▶ _GIVEN ENTRIES_:
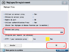 Pour plus d'informations sur la modification des réglages proxy de la machine, voir "Réglages communs à TCP/IPv4 et TCP/IPv6".
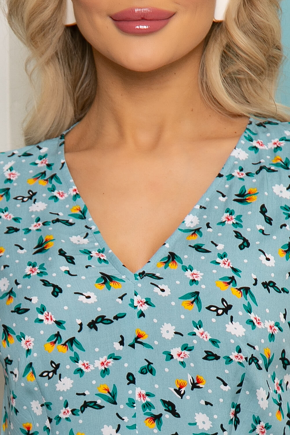- Цвет: голубой, принт: флористический;
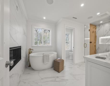 Experience unparalleled living in this new-construction luxury home offering four impeccably finished levels and an effortless blend of elegance, comfort, and modern functionality. The heart of the home is a gourmet chef’s kitchen with a dedicated pantry, premium appliances, and seamless flow into the living and dining spaces. A stylish wet bar and wine/beverage refrigerator elevate your hosting experience, while the stunning wrap-around farmer’s porch invites relaxation from sunrise to sunset.With five spacious ensuite bedrooms, this residence is designed for both refined entertaining and everyday living. Work and wellness are thoughtfully integrated with a private office and home gym. Additional space offers endless possibilities—media room, playroom, guest suite, finished storage, or all of the above. Step outside to discover expansive outdoor space with a patio and gas fire pit, perfect for gatherings. A heated three-car garage completes this exceptional property.
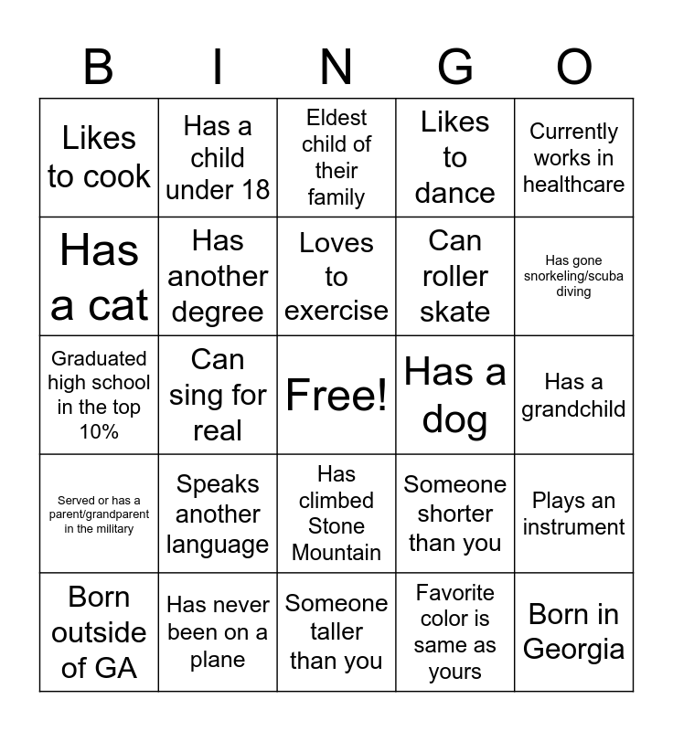 This bingo card has a free space and 34 words: Is an only child, Favorite color is same as yours, Has traveled outside of the USA, Likes to go fishing, Served or has a parent/grandparent in the military, Has another degree, Currently works in healthcare, Born outside of GA, Has a child under 18, Born in the same month as you, Loves to exercise, Eldest child of their family, Currently married, Does not have a DL, Has a dog, Has gone snorkeling/scuba diving, Has never been on a plane, Graduated high school in the top 10%, Speaks another language, Someone shorter than you, Has climbed Stone Mountain, Youngest child in their family, Likes to cook, Has a grandchild, Someone taller than you, Born in Georgia, Likes to dance, Lives on campus, Can roller skate, Has a cat, Terrified of animals, Can sing for real, Plays an instrument and Never received a speeding ticket.
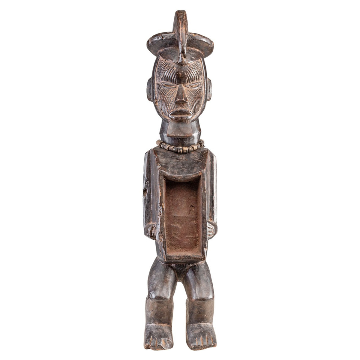Táto ikonická postava predka Hemby, pochádzajúca z 20. storočia a pôvodom z DR Konga, má klasickú pózu s rukami položenými na pupočníku a pootvorenými očami. Zodpovedný za šľachtu predkov symbolizuje duchovnú silu, posilňuje rodinnú líniu počas významných obradov. Ako duchovný kontajner uľahčuje spojenie medzi svetmi mŕtvych a živých. Tento jedinečný kus s rozmermi 15x11,5x55 cm, vyrezávaný z prírodného dreva, stelesňuje hlboké umelecké a duchovné dedičstvo kmeňa Hemba, čo svedčí o ich kultúrnom pôvode v DR Kongo.
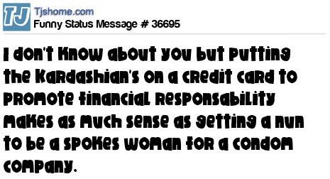 X  I don't know about you but putting the Kardashian's on a credit card to promote financial responsability makes as much sense as getting a nun to be a spokes woman for a condom company.
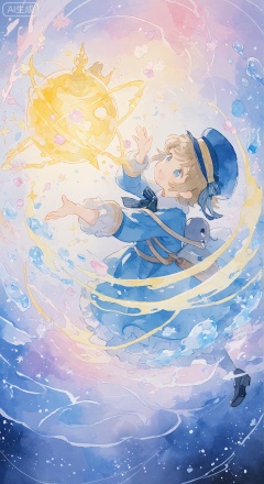 Line watercolor mix, Raymond and Matthias style, mysterious elements, creative background, "The Little Prince of Blueberry Sauce Collection"
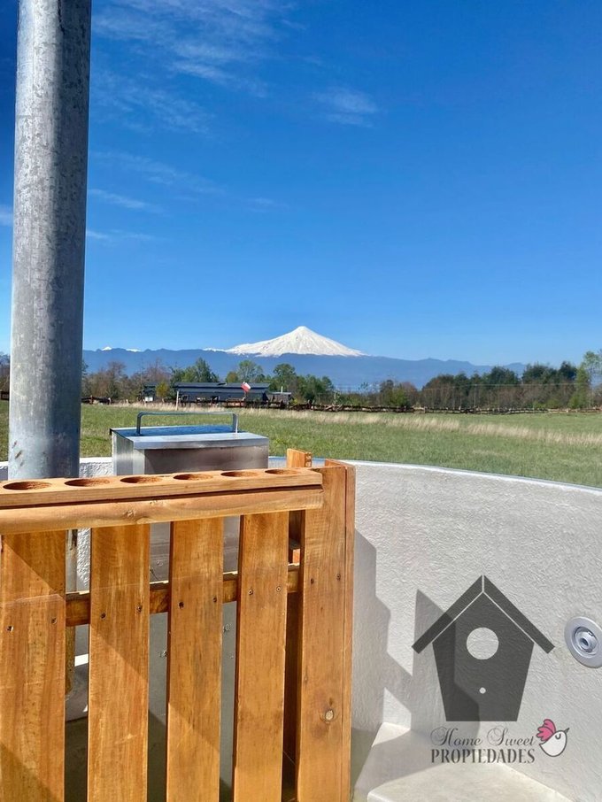 Parcela con casa en condominio cerrado en la ribera norte del Lago Villarrica, plana con vista al Lago Villarrica y de fondo vista despejada al volcán. La casa, también orientada al volcán tiene una gran vista desde todos los ambientes, construcción modular tipo container de 43m tiene un estar comedor con cocina integrada, un dormitorio y un baño. En el exterior tiene una terraza de 35m2 techada orientada al volcán a todo lo largo de la casa. Estacionamiento.
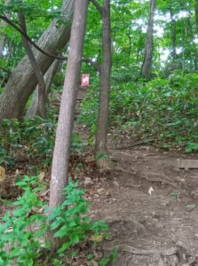 階段状の登山道を登っていくと、また、注意喚起の立て札が見えます。急いで近づいてみると、立ち入り禁止となっていました。「クマ出没注意喚起」の立て札の、ほんの数十m登ったところに「立ち入り禁止」の立て札です。これでは、実に紛らわしいと思いました。下にあった「クマ出没注意喚起」を「立ち入り禁止」に変えれば良いものを・・・。
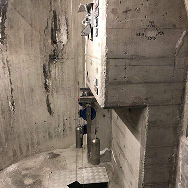 Kölnbrein Dam with the "airwalk" podest. The dam is 200 m high and 626 m long

▶ _TASK BRIEF_:
Whatever lies between the first line of the data and the line holding "Experience unparalleled living", inclusive, should be repeated exactly, apart from the pictures.

▶ _TASK OUTPUT_:
 Pour plus d'informations sur la modification des réglages proxy de la machine, voir "Réglages communs à TCP/IPv4 et TCP/IPv6".
- Цвет: голубой, принт: флористический;
 Experience unparalleled living in this new-construction luxury home offering four impeccably finished levels and an effortless blend of elegance, comfort, and modern functionality. The heart of the home is a gourmet chef’s kitchen with a dedicated pantry, premium appliances, and seamless flow into the living and dining spaces. A stylish wet bar and wine/beverage refrigerator elevate your hosting experience, while the stunning wrap-around farmer’s porch invites relaxation from sunrise to sunset.With five spacious ensuite bedrooms, this residence is designed for both refined entertaining and everyday living. Work and wellness are thoughtfully integrated with a private office and home gym. Additional space offers endless possibilities—media room, playroom, guest suite, finished storage, or all of the above. Step outside to discover expansive outdoor space with a patio and gas fire pit, perfect for gatherings. A heated three-car garage completes this exceptional property.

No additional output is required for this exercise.